Input data Start Marker

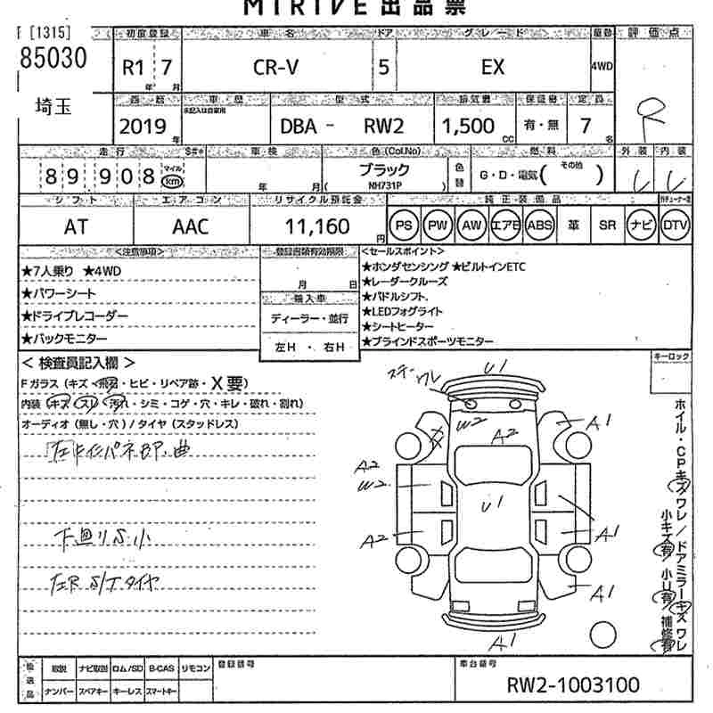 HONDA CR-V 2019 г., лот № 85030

Input data End Marker
Input data Start Marker

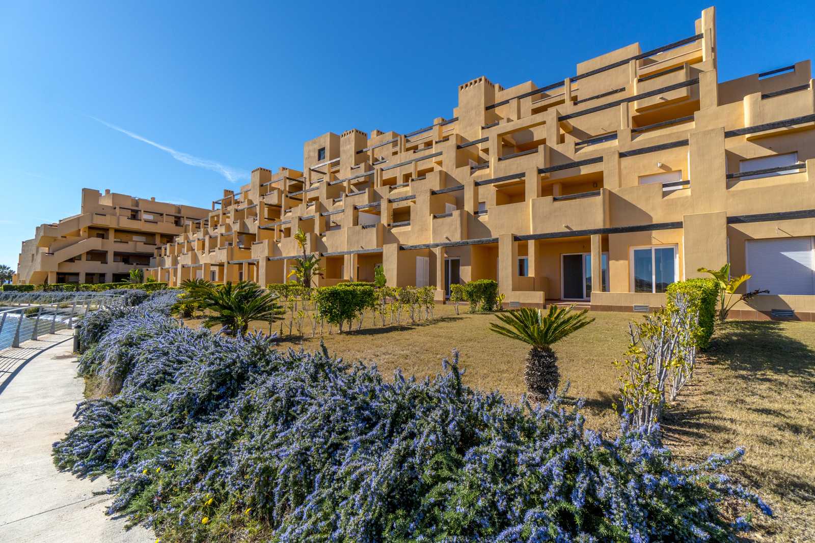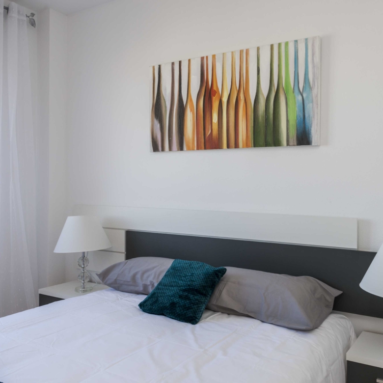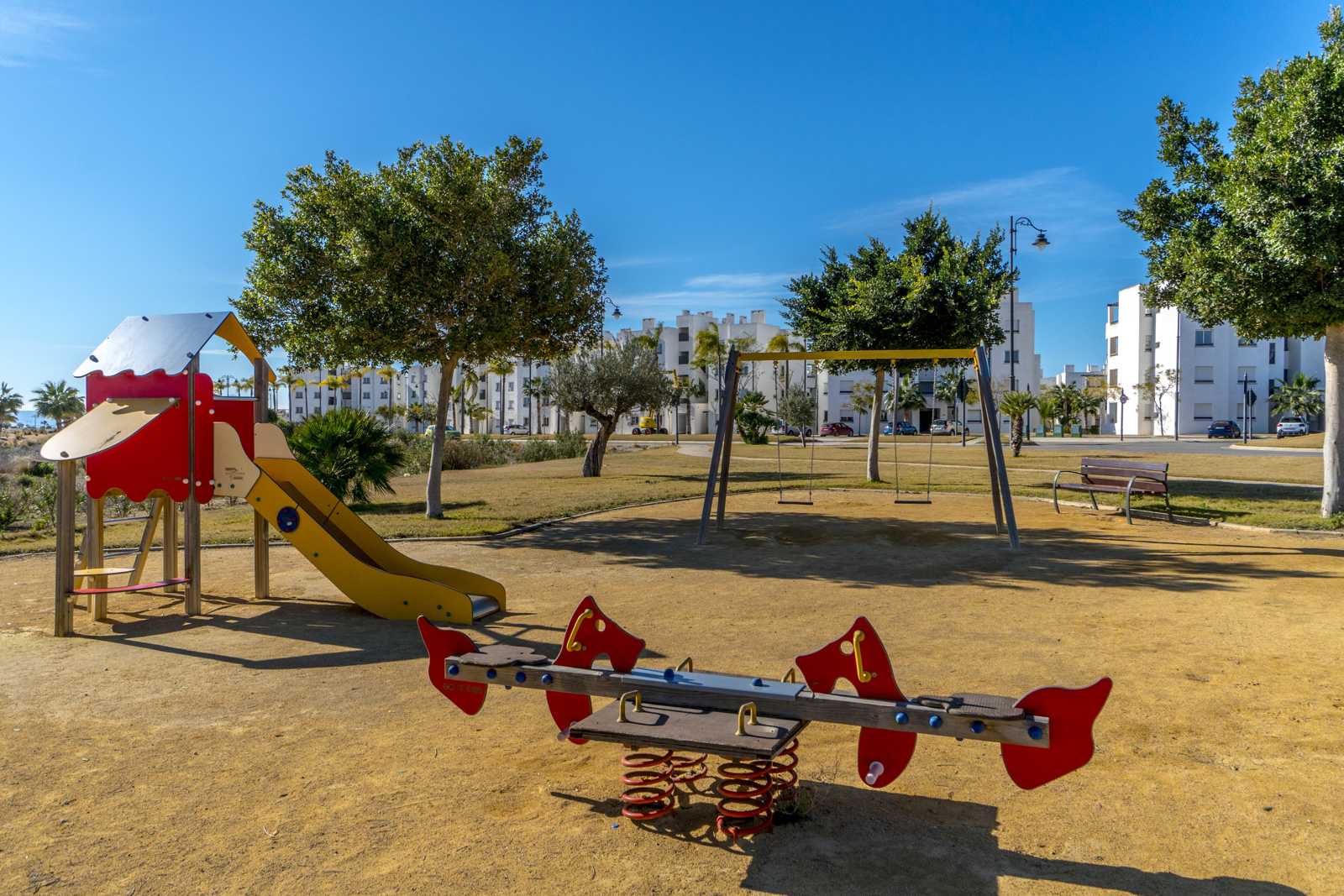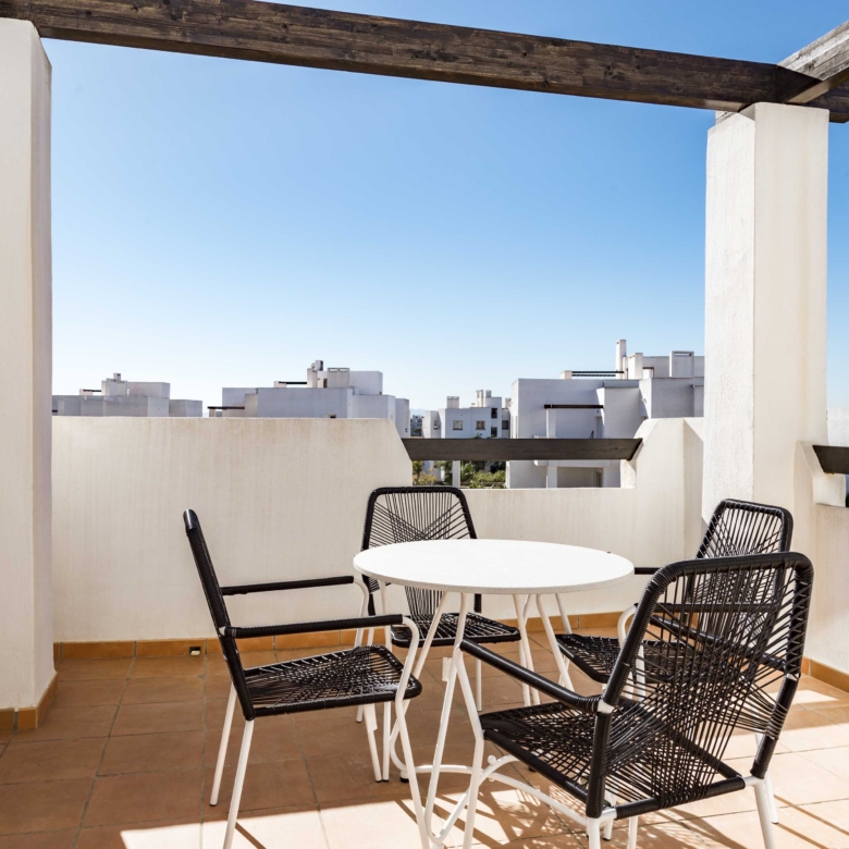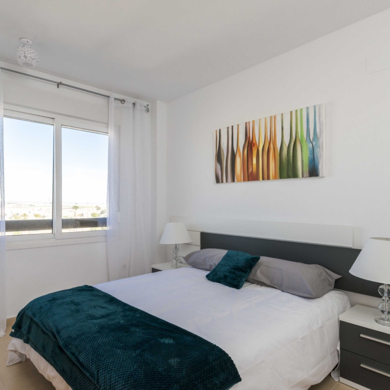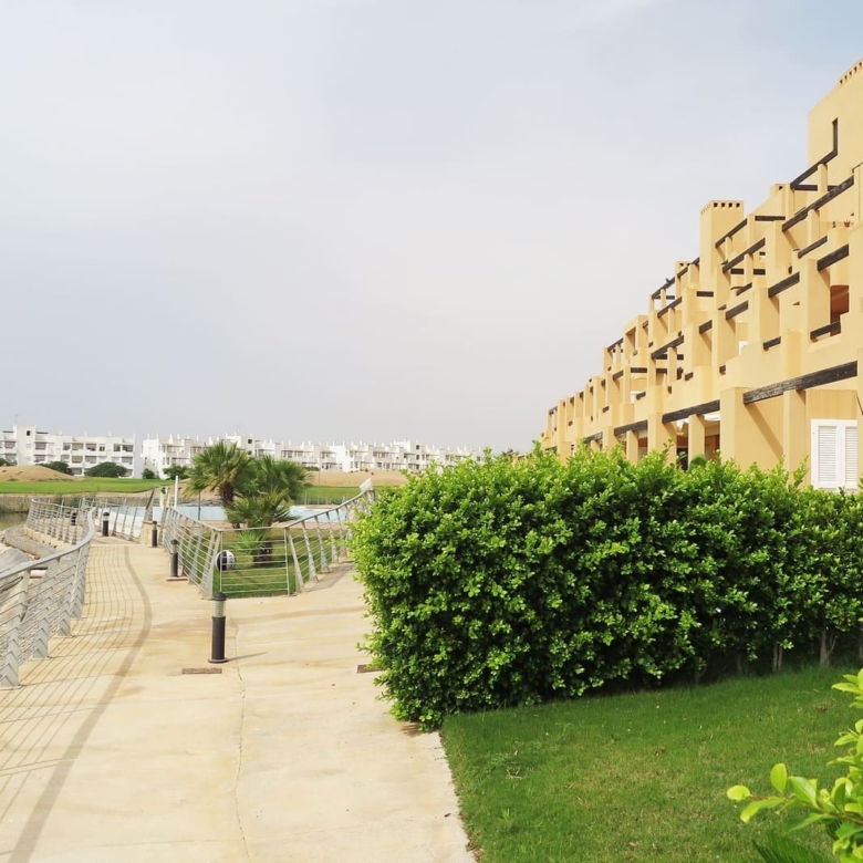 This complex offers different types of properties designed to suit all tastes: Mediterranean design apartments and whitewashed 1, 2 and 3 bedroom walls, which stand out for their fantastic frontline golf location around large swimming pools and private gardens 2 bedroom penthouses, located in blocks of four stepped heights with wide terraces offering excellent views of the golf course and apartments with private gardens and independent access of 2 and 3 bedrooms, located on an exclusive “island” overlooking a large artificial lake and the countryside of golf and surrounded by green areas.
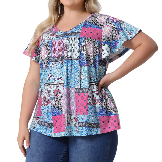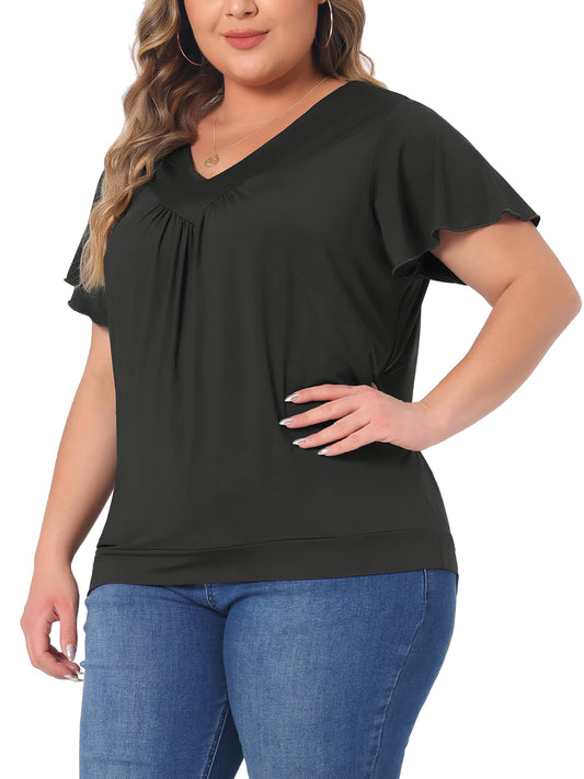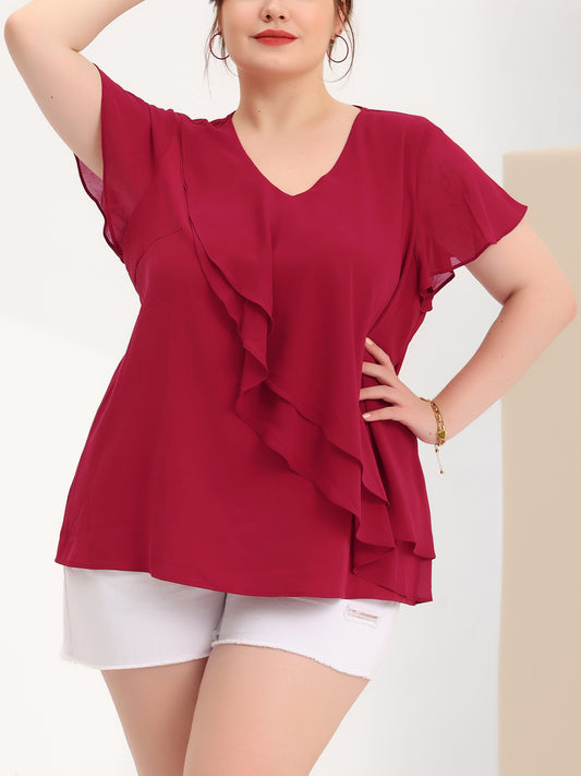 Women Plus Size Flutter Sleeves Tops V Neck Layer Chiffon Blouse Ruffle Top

Input data End Marker

What is needed
Your task is to copy only the lines above starting at the one containing "This complex offers" and ending at the one containing "Women Plus Size". Copy them exactly, both ends included, and omit the pictures.

Solution to the exercise
 This complex offers different types of properties designed to suit all tastes: Mediterranean design apartments and whitewashed 1, 2 and 3 bedroom walls, which stand out for their fantastic frontline golf location around large swimming pools and private gardens 2 bedroom penthouses, located in blocks of four stepped heights with wide terraces offering excellent views of the golf course and apartments with private gardens and independent access of 2 and 3 bedrooms, located on an exclusive “island” overlooking a large artificial lake and the countryside of golf and surrounded by green areas.
 Women Plus Size Flutter Sleeves Tops V Neck Layer Chiffon Blouse Ruffle Top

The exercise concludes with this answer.